HuatuoGPT-II, One-stage Training for Medical Adaption of LLMs

Read original: arXiv:2311.09774 - Published 9/17/2024 by Junying Chen, Xidong Wang, Ke Ji, Anningzhe Gao, Feng Jiang, Shunian Chen, Hongbo Zhang, Dingjie Song, Wenya Xie, Chuyi Kong and 4 others

🏋️

Overview

Language models like LLaMA2 may not contain specialized knowledge needed for certain domains, like medicine
Adapting a language model to a specific domain, known as "domain adaptation," can be challenging due to differences in data used for pre-training and fine-tuning
This paper proposes a new protocol to transform heterogeneous data into a unified format to simplify the domain adaptation process
The new model, HuatuoGPT-II, achieves state-of-the-art performance on Chinese medicine benchmarks, outperforming even proprietary models like ChatGPT and GPT-4

Plain English Explanation

Adapting Language Models for Specialized Domains

Language models like LLaMA2 are trained on a vast amount of general text data, but may lack the specialized knowledge needed for certain domains, such as traditional Chinese medicine.
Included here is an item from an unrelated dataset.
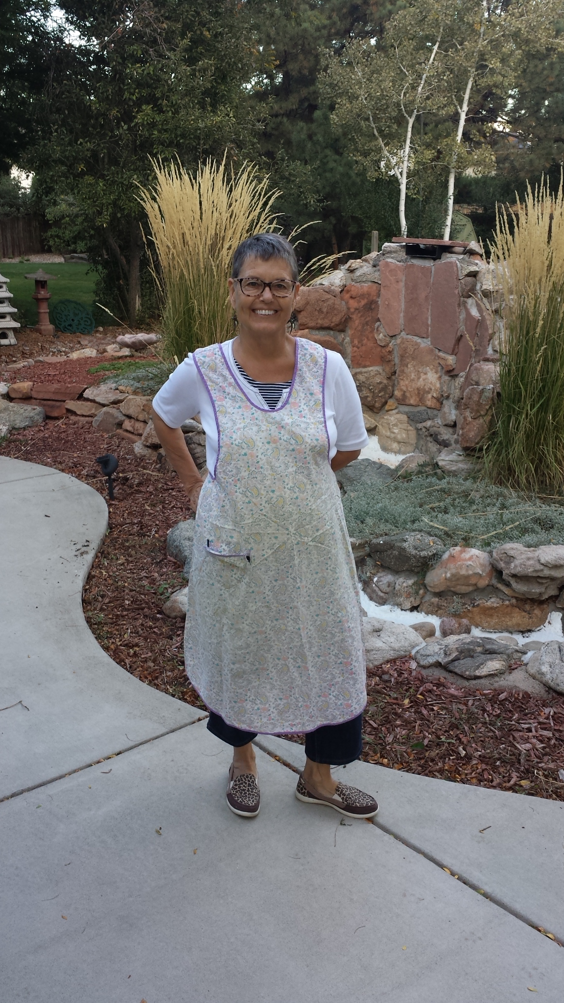 And finally, my last smile has nothing to do with grandkids, except for being one. My cousin Bobbie generously sent me one of our own grandmother’s aprons, with the only caveat being that she wanted to see a photo of me wearing it. When I took it out of the package, the first thing I did was put it up to my nose to smell it. I’m sure I imagined it, but I thought the fragrance was that of Grammie, and I immediately teared up. It’s a bit big, but what do you think?…..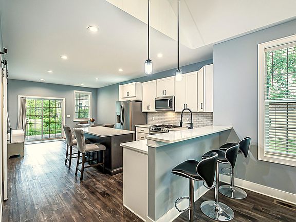 Built in 2022, this stunning 3-bedroom, 2-bath ranch home feels brand new and is move-in ready! With 1,672 square feet of thoughtfully designed living space, it features modern, high-quality finishes throughout—no need for updates or renovations. The charming covered front porch offers a warm welcome and sets the tone for the sophisticated yet inviting interior. Inside, the open floor plan showcases luxury vinyl plank (LVP) flooring, while the great room—with its soaring vaulted ceiling—feels bright and spacious. The gas fireplace adds a cozy, elegant touch, making it perfect for relaxing or entertaining. The kitchen is a chef's dream, featuring quartz countertops, a chic marble subway tile backsplash, stainless steel appliances, and a versatile center island. Two breakfast bar areas create great spaces for casual dining or conversations while cooking. A large walk-in pantry keeps everything organized, and sliding doors from the dining area lead to a covered patio, ideal for morning coffee or evening unwinding. The primary suite is a peaceful retreat, offering double walk-in closets and a spa-like ensuite. The ensuite features a dual-sink quartz vanity, a tiled shower, and a luxurious freestanding soaking tub. Two additional bedrooms are generously sized and share a well-appointed hall bath with quartz countertops, a dual-sink vanity, and a tiled shower. For added convenience, the main floor laundry room includes a built-in sink. The expansive basement, already plumbed for a bathroom, offers endless possibilities for future customization - whether you're imagining extra living space, a home gym, or a recreation room. This home combines the low taxes of Scio Township with access to Ann Arbor's highly sought-after school district. Its prime location puts you close to parks, shopping, and dining. With charm, convenience, and modern luxury, this home is a rare find - don't miss the chance to make it yours!

To address this, researchers often "adapt" the language model to the specific domain through additional training.

However, this domain adaptation process can be challenging because the data used for the initial pre-training and the later fine-tuning often differ greatly in terms of language, genre, or format. To simplify this, the researchers propose a new approach that transforms all the data, from both the pre-training and fine-tuning stages, into a standardized input-output format.

By using this unified data format, the researchers were able to develop a new model called HuatuoGPT-II that achieves state-of-the-art performance on Chinese medicine benchmarks. In fact, HuatuoGPT-II even outperforms proprietary models like ChatGPT and GPT-4, especially in the domain of traditional Chinese medicine.

Technical Explanation

The key innovation in this work is the proposed "one-stage training" protocol that simplifies the domain adaptation process. Instead of the traditional two-stage approach of pre-training on general data and then fine-tuning on domain-specific data, the researchers transform all the data, from both stages, into a unified input-output format.

This unified format allows the model to be trained end-to-end on the transformed data, eliminating the need for a separate fine-tuning stage. The researchers validate this approach in the domain of traditional Chinese medicine, where proprietary language models like ChatGPT and GPT-4 have been shown to perform relatively poorly.

The resulting model, HuatuoGPT-II, achieves state-of-the-art performance on a number of Chinese medicine benchmarks, including medical licensing exams. Notably, HuatuoGPT-II even outperforms the proprietary models in certain aspects, particularly in the domain of traditional Chinese medicine.

Critical Analysis

The researchers acknowledge that their proposed "one-stage training" protocol relies on the ability to transform heterogeneous data into a unified format. While they demonstrate the effectiveness of this approach in the Chinese medicine domain, it remains to be seen how well it would generalize to other specialized domains with different data characteristics.

Additionally, the paper does not provide detailed information about the specific data sources, preprocessing steps, or model architectures used. This makes it difficult to fully assess the reproducibility and broader applicability of the proposed methods.

Furthermore, the researchers mention that HuatuoGPT-II was benchmarked on a "fresh" Chinese National Medical Licensing Examination, but it is unclear what this means in terms of the data used for evaluation. More details on the evaluation methodology and datasets would be helpful to understand the true generalization capabilities of the model.

Conclusion

This research presents a novel approach to domain adaptation for language models, focusing on transforming heterogeneous data into a unified format to simplify the learning process. The resulting model, HuatuoGPT-II, has demonstrated state-of-the-art performance on Chinese medicine benchmarks, even outperforming proprietary models like ChatGPT and GPT-4 in certain aspects.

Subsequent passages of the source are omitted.